I'm with you on personal choice up until shit hits the fan, like in Samoa. If there's a legitimate epidemic and kids are dying in droves, I think the government has a duty to step up and try to save lives, including mandating vaccinations where that would be effective. Now I don't know if Samoa is tazering people and vaccinating them while they're down (if so, I'm against it) or just levying fines, social stigma, or other punishment for the non-complies (the better course, still probably gets you to protective vaccination rates without hurting people by applying physical force).

I know it's an arbitrary line -- why stop at a measles epidemic when you've got people dying from the flu every year that could be spared if we routinely force-immunized everybody every year?
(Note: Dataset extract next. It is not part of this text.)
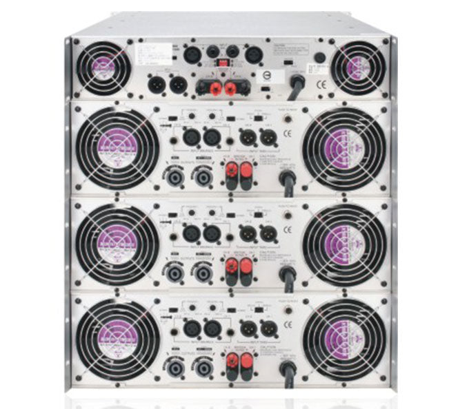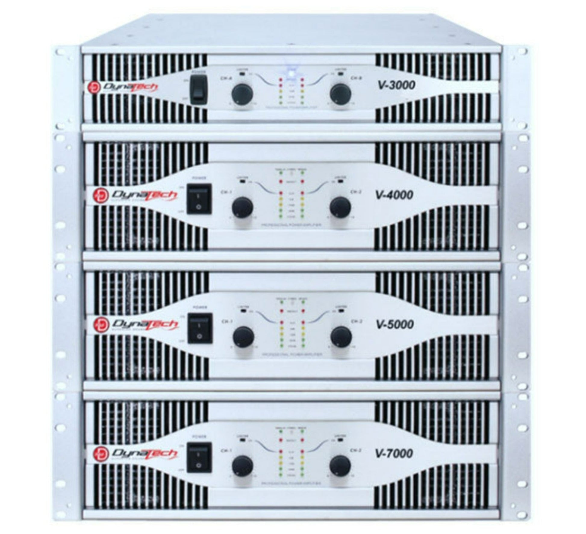 Dynatech V Series Power Amplifiers deliver from 500 Watts to 6800 Watts of power in two to three rack spaces. High current transistors combined with low noise input amplifiers enable the V series to deliver exceptional power.

But as an adult I've come to accept that a certain amount of arbitrariness and "I know it when I see it" is unavoidable in life, and it's probably best not to pretend we're 100% rational since none of us are.

In the States, anyway, I think we could easily get back to highly protective vaccination rates just by requiring vaccinations at the public school house door (legit. medical exemptions only), which should keep us from ever getting to the place Samoa finds itself in today.

#1899 4 years ago
Quoted from fosaisu:

In the States, anyway, I think we could easily get back to highly protective vaccination rates just by requiring vaccinations at the public school house door (legit. medical exemptions only), which should keep us from ever getting to the place Samoa finds itself in today.

Like I said earlier that's exactly how it was done when I was growing up. You went to school with a paper your parents signed and everyone was lined up in an auditorium and got their shots; no shots, no school, that simple. We even had dentist that came and made sure your teeth were cleaned. lol

#1900 4 years ago

Samoa seems to have a fairly dense population of 70 people for every square kilometer up from 20 in the 1950s. 1/5 of the population there died during the flu epidemic of 1918-1919.

Sad indeed, but in crowded, less than sanitary conditions especially in the tropics, mother nature will try to restore some balance and diseases will happen. Vaccinate for one, and something else is sure to do the same.